The Duke and Duchess of Sussex have teamed up with the Duke and Duchess of Cambridge for a TV advert.
The royals narrated an advert to promote an NHS campaign tackling Britain's mental health issues, Every Mind Matters.
The ad, which will air tonight at 8:45pm on ITV, Channel 4, Five and Sky, features Meghan, Harry, William and Kate speaking about the ways Every Mind Matters can help improve people's mental health.
The advert features which features TV presenter Davina McCall, Katie Piper, GBBO's Nadiya Hussain, Gillian Anderson, Glenn Close, rapper Professor Green and Top Gear host Freddie Flintoff.
William starts the video saying: "Everyone knows that feeling, when life gets on top of us.
"All over the country, millions of us face challenges to our mental health - at all ages - at all intensities, and for all sorts of reasons.
"We feel stressed, low, anxious, or have trouble sleeping. Me, you..."
Harry continues: "...your brother, your mother, your colleague, or your neighbour. Waiting, wondering, hoping, hurting.
"We think there's nothing to be done. Nothing we can do about it
Everyone knows that feeling, when life gets on top of us.
Meghan then says: "But that's so wrong. There are things we can do.
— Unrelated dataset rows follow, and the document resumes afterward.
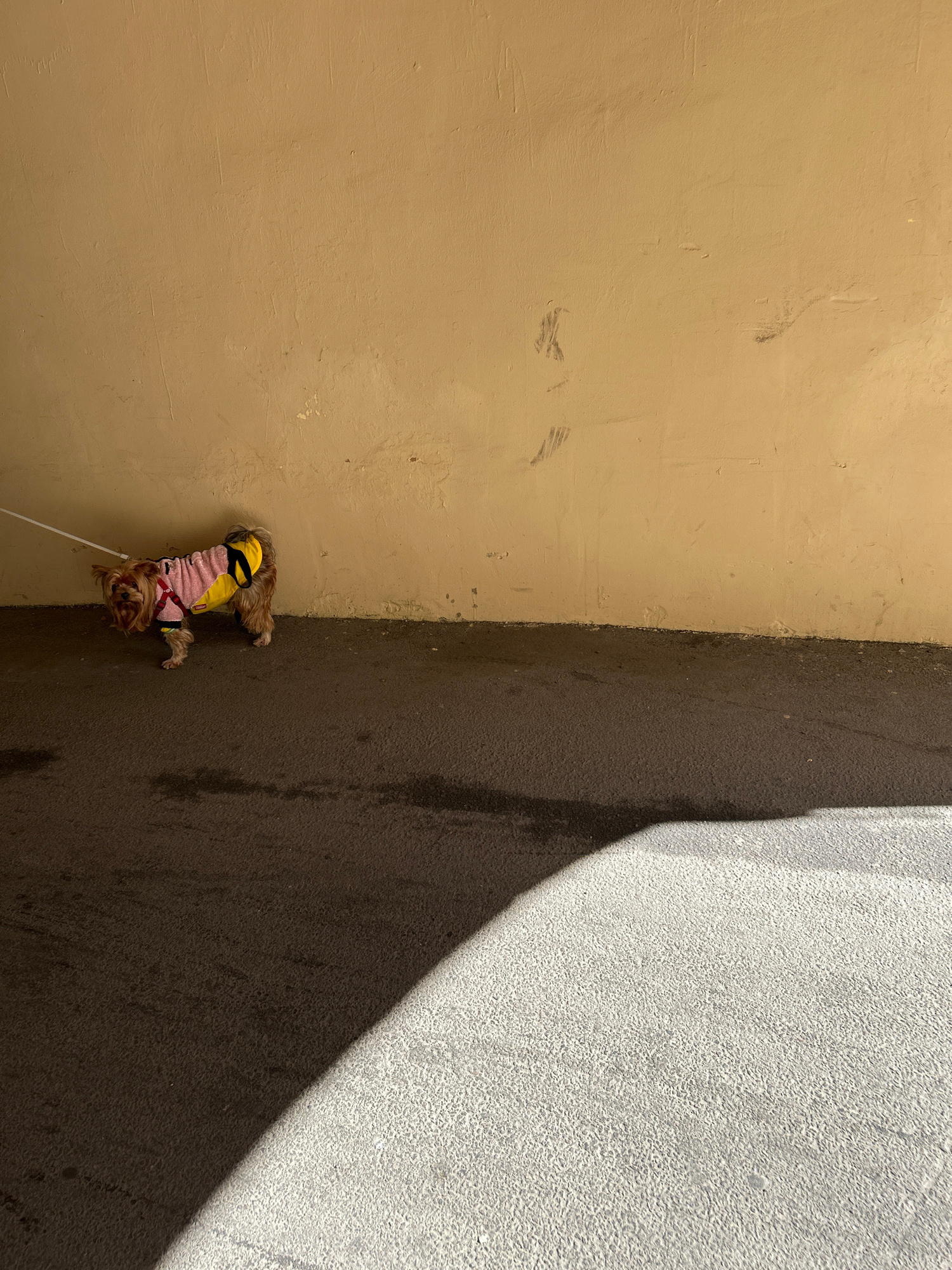 A high-angle outdoor shot depicts a small dog, possibly a Yorkshire Terrier, positioned at the corner of a textured tan wall and a dark asphalt-like ground. The dog is wearing a multi-colored garment,…read more
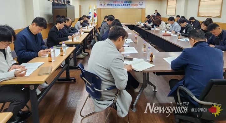 뉴스펀치 김길룡 기자 | 평택시는 지난 25일 고용노동부, 경기도 및 평택시 노사민정협의회와 공동으로 송탄산업단지관리공단에서 고용주와 근로자 40여 명을 대상으로 산업안전 및 일과 생활 균형을 위한 특화교육을 진행했다.
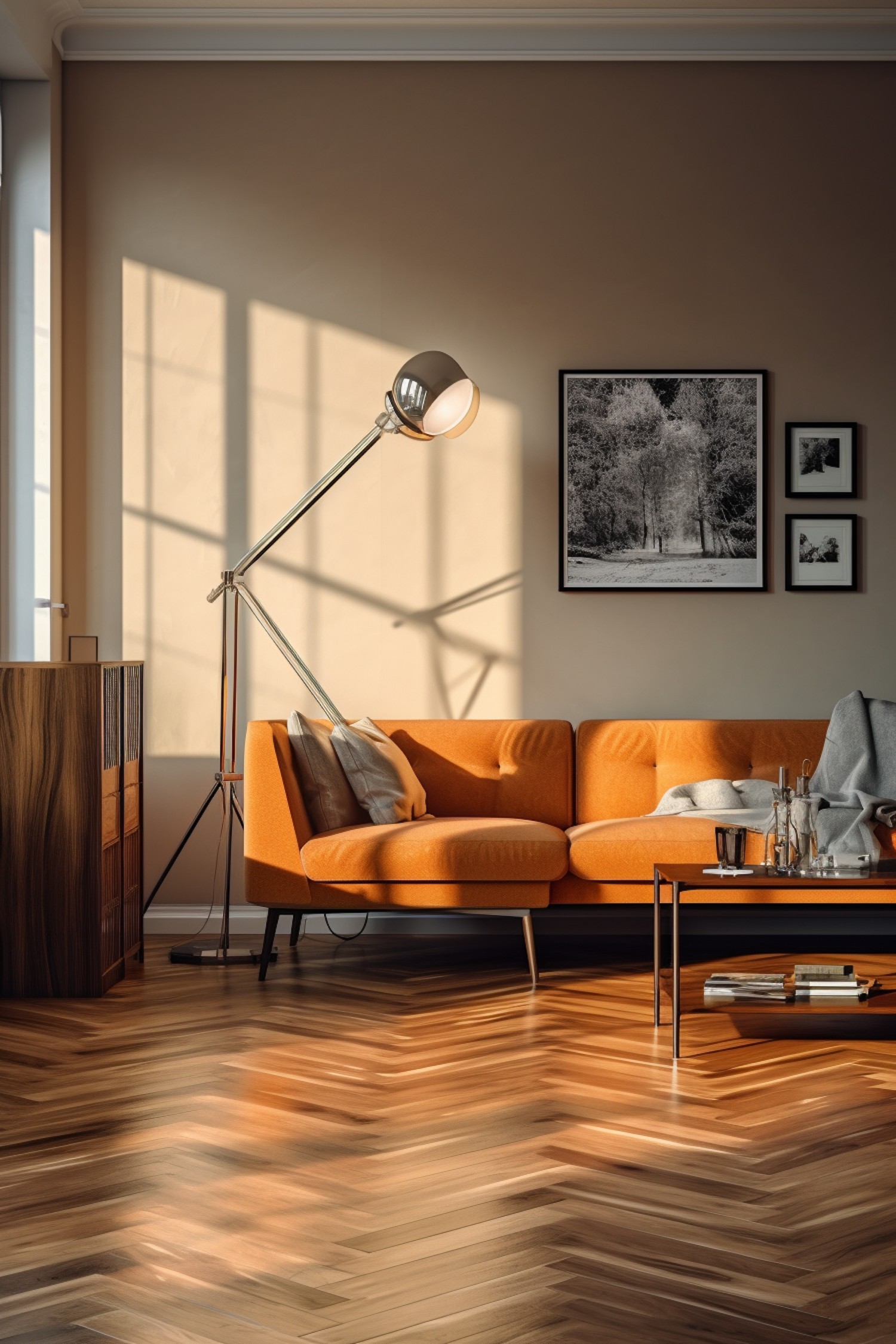 Warm living room with orange sofa, black-and-white photos, and a metallic floor lamp. Sunlit herringbone floor adds cozy ambiance.
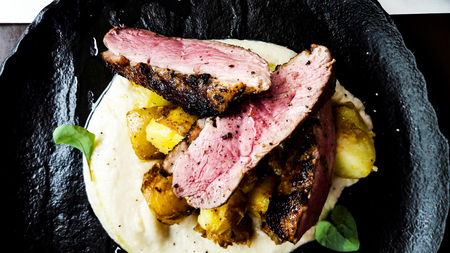 A portion of perfectly cooked duck
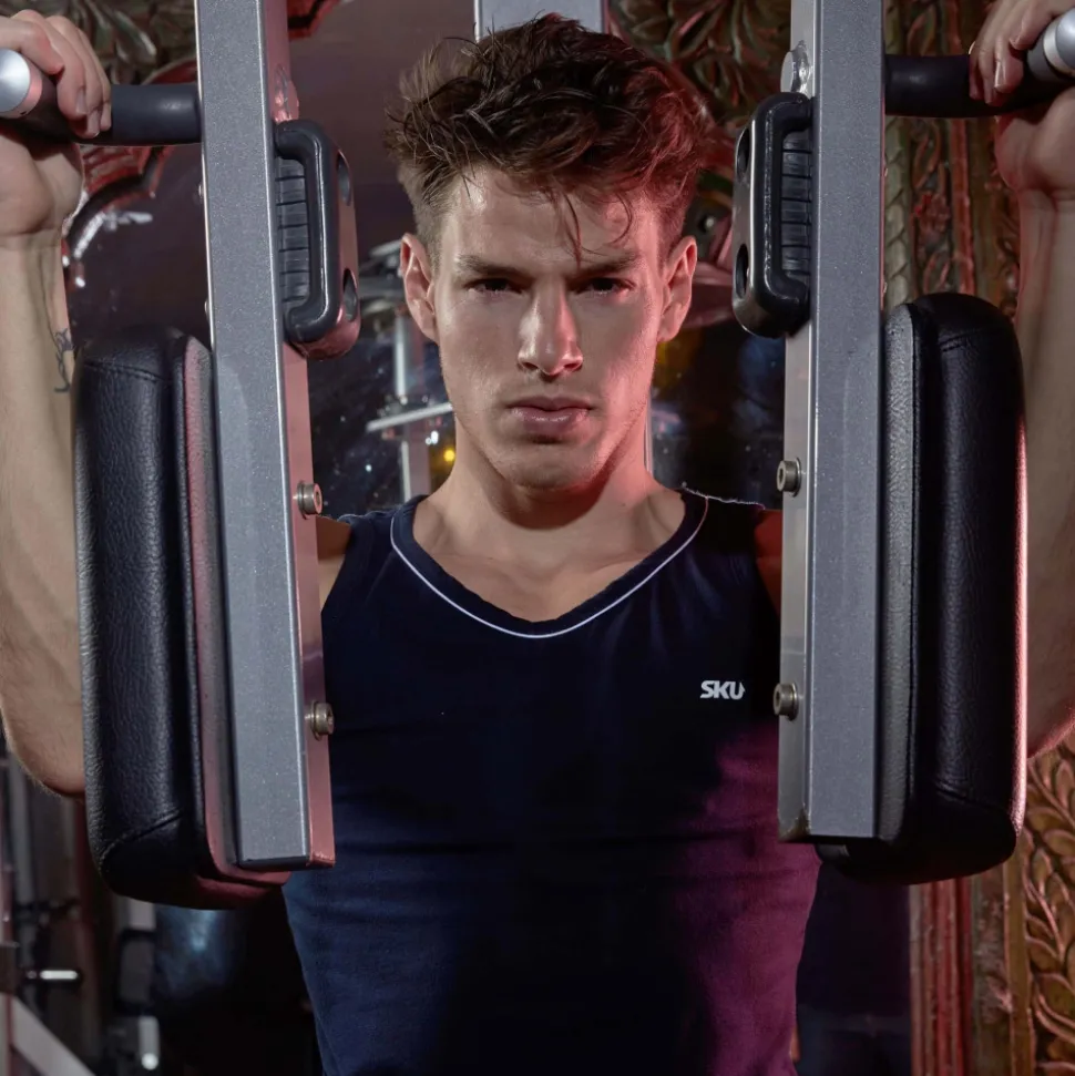 Débardeur sport et sexy en coton premium doux et extensible de couleur intense. Cintré juste comme il faut, il valorisera votre musculature sans gêner vos mouvements. Coupe courte et arrondie en bas, pour tomber parfaitement sur un pantalon. Le col rond est subtilement souligné par un liseré de couleur contrastée. Logo SKU sur la poitrine.
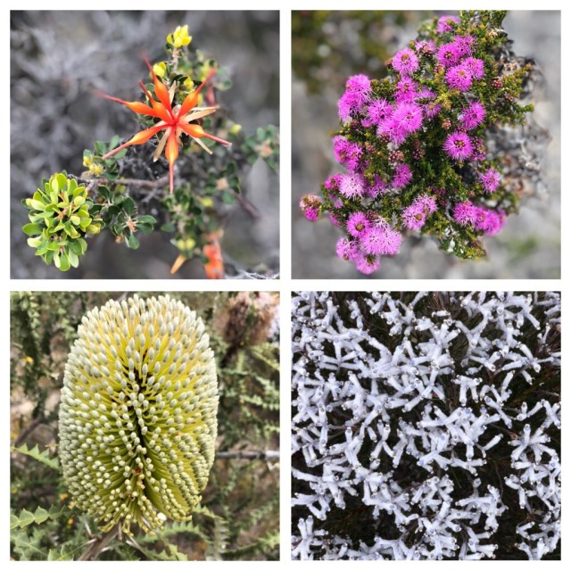 A fiery orange-red flower, like six bright trumpets bursting forth, with the tips of the petals spinning back as if the shrill sound of the fanfare could be physically embodied. Another is an explosion of purple, perfectly mimicking a joyous detonation of fireworks. The grand old banksia flowers, the local variety actually called the Showy Banksia, demonstrating its ostentatious appearance. The beauty of this flower, actually made up of hundreds of smaller tubular flowers, is dependent on the violent destruction of fire which at once ends the lifecycle of many, but starts the existence of this majestic blossom. And one final fascination – a tiny white furry specimen that looks like hundreds of minuscule pipe cleaners, or strange little caterpillars, that when combined on the bush resemble a huge lamington covered in shredded coconut.
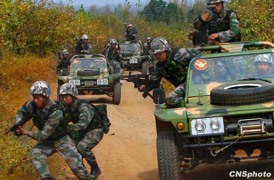 解放军济南军区“前锋-2009A”军事演习,将于10月21日在某合同战术训练基地举行,图为即将参加演习的空降兵部队10月20日在进行针对性训练。这次演习主要是由兵力兵器数量规模向信息火力效能聚优转变、指挥的重心由主攻方向上的重点突破向作战关节要害的体系毁瘫转变、火力的运用由概略粗放决策向科学精细筹划转变、协同的重点由地面步坦行动向陆空火力协调转变、行动的控制由时间位置推进量向效果态势达成度转变、作战的目的由歼敌夺地向控要制权转变。 中新社发 宋吉河 摄
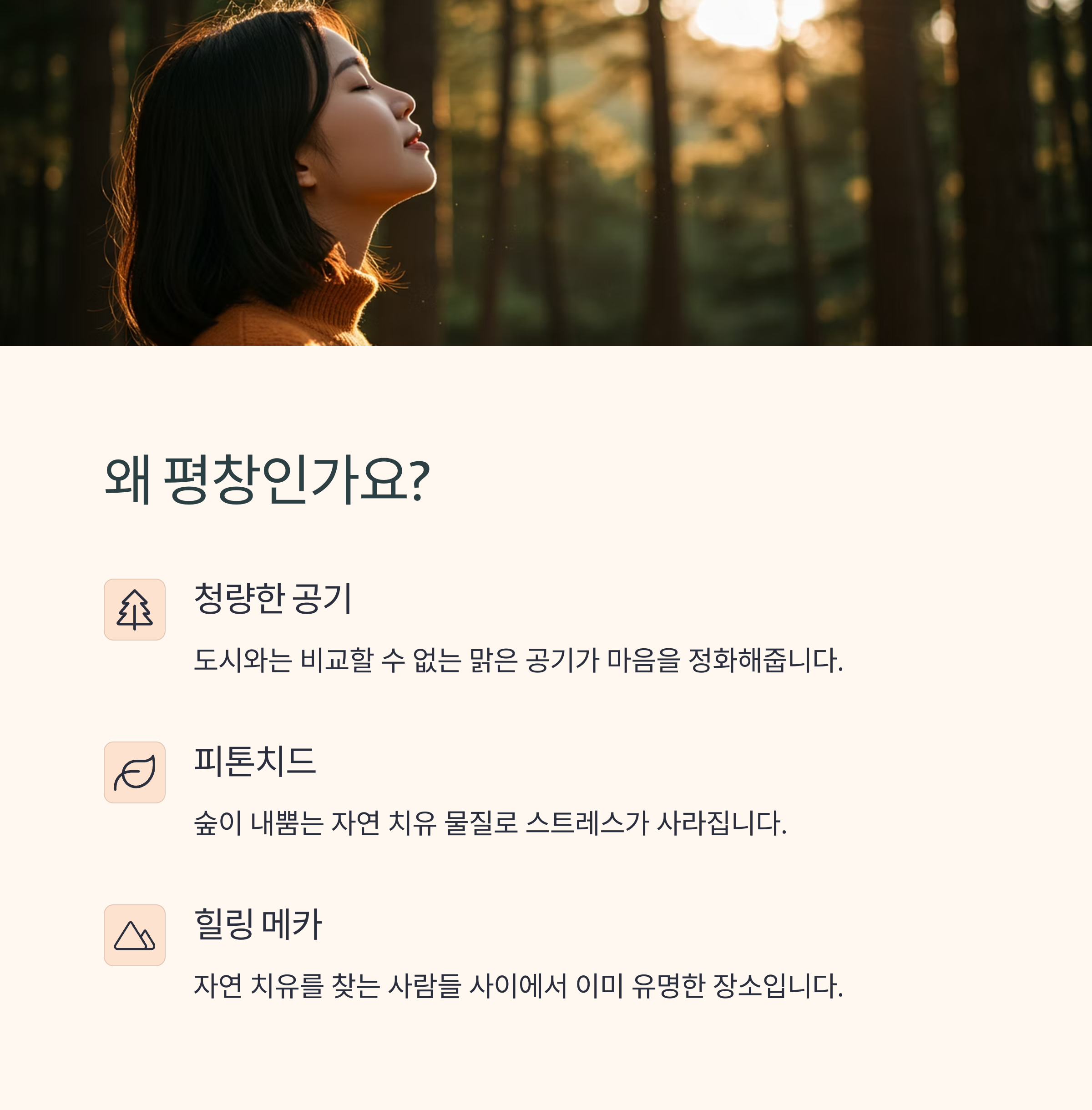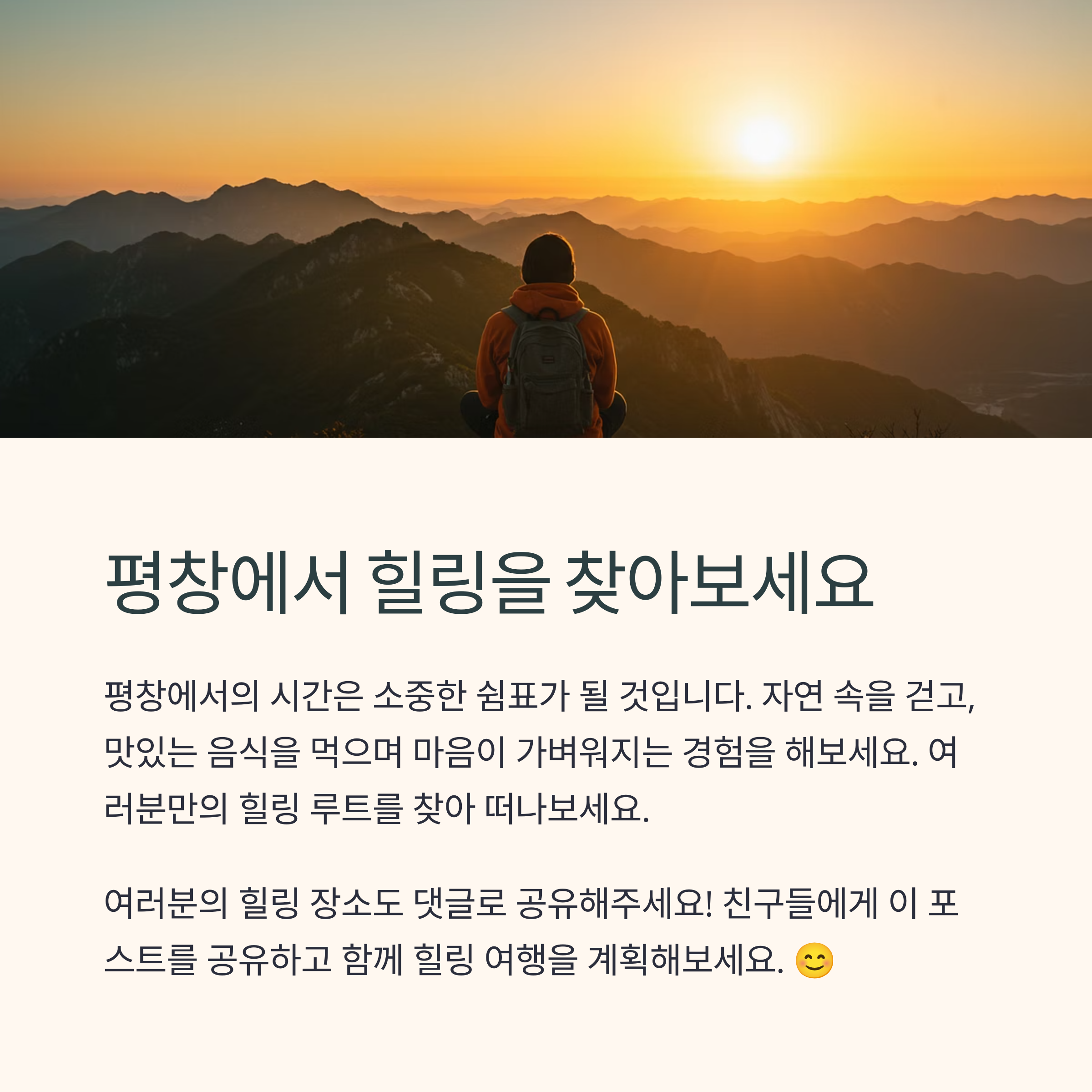 안녕하세요 여러분! 저는 며칠 전 평창으로 아주 특별한 여행을 다녀왔어요. 솔직히 말하면, 요즘 마음이 너무 복잡하고 머리도 무겁더라구요. 그래서 '잠깐이라도 도망치고 싶다'는 생각에 가방 하나 메고 평창으로 향했죠. 자연은 참 신기해요. 그냥 걷기만 했는데도 어깨가 조금씩 풀리고, 숨이 쉬어졌거든요. 오늘은 제가 직접 걸어본 평창의 힐링 루트를 공유해보려고 해요. 혹시 여러분도 일상에 쉼표가 필요하셨다면, 이 글이 도움이 될지도 몰라요.
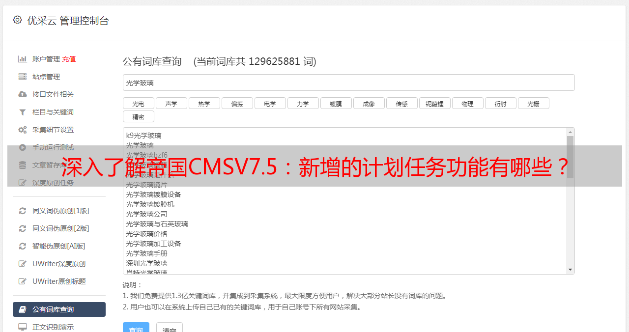 通过帝国CMS V7.5版本中对计划任务的更新,不仅使得用户在使用上更加方便快捷,而且也能够有效地促进网站内容的SEO优化。其中引入优采云SEO优化服务尤为重要。优采云是一个专注于SEO优化的平台,能够快速、全面地对网站进行SEO优化。此外,该平台还能够根据用户所在地区选择合适的IP/DNS/CDN/SSL/DDOS 防御方式来保证网站的正常运行。此外,该平台还能够根据用户所在地区选择合适的IP/DNS/CDN/SSL/DDOS 防御方式来保证网站的正常运行。
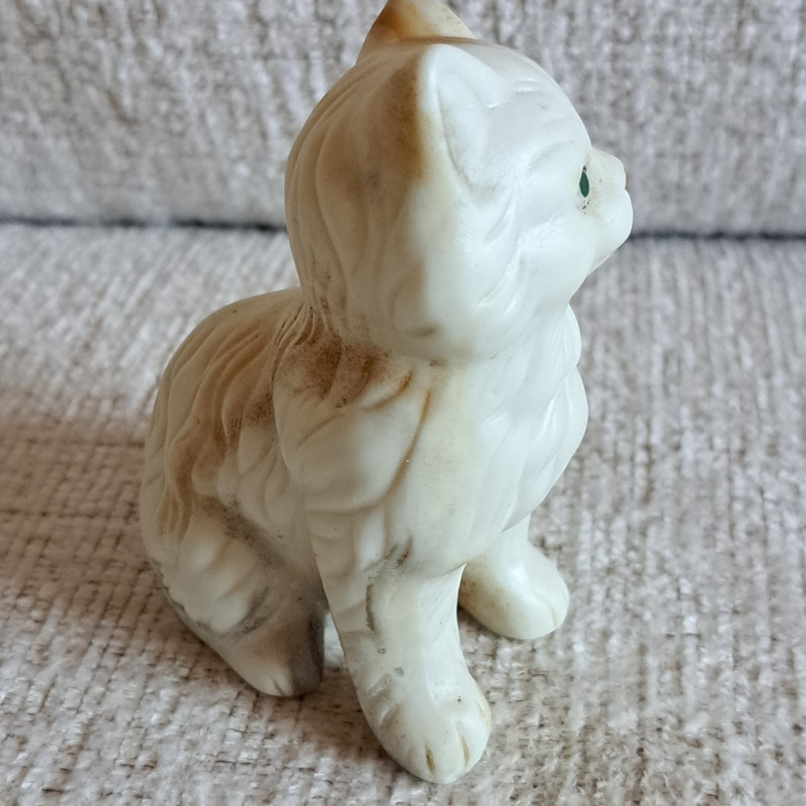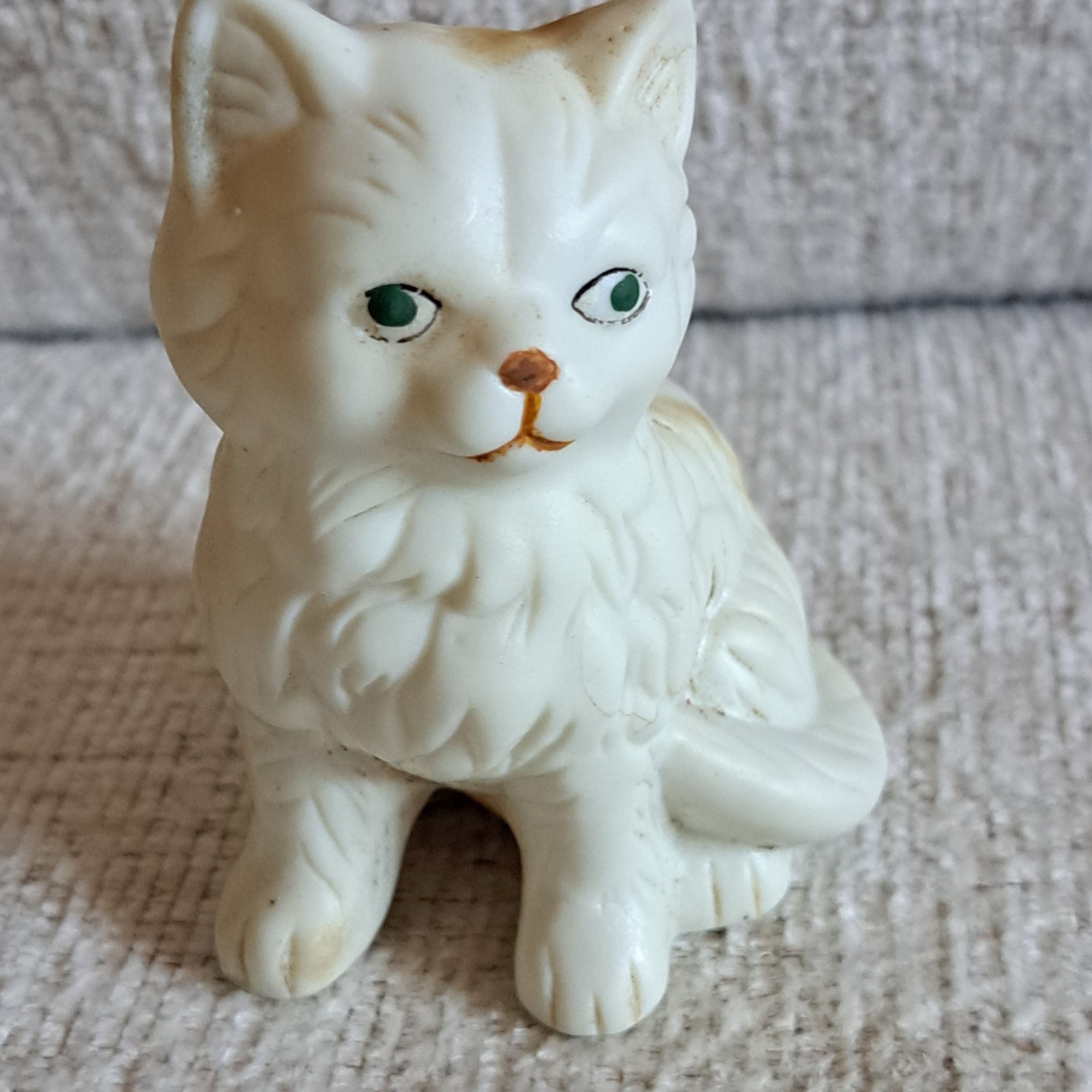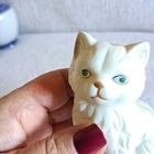 This 4" ceramic figurine features a vintage 90s design of a kitten cat with striking green eyes. Perfect for cat lovers and collectors, this pre-loved piece adds a charming and nostalgic touch to any decor. The adorable portrayal of the feline with its unique green eyes makes it a standout piece for any cat enthusiast's collection. Very good condition with no cracks or chips.
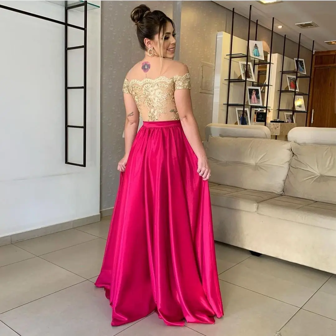 HONGFUYU атласное платье для выпускного вечера с открытыми плечами ние трапециевидные Длинные фуксия кружевной топ вечерние платья vestido de fiesta вечернее платье

From today, there's a new way to help turn things around.
"Every Mind Matters will show you simple ways to look after your mental health."
Kate continues: "It will get you started with a free online plan designed to help you deal with stress, boost your mood, improve your sleep and feel more in control."
William concludes: "We can all benefit from taking simple steps to look after our mental health."
Health officials hope the advert will encourage others to manage their symptoms to improve mental wellbeing.
Health Secretary Matt Hancock said: "Every Mind Matters will benefit us all with an accessible tool to help manage our wellbeing at the click of a button.
"It draws together the importance of treating our mental health on an equal basis to our physical health, and treating it both as an asset that each individual needs to invest in, supported by the NHS and by the government, as opposed to just something that just needs to be fixed when it goes wrong."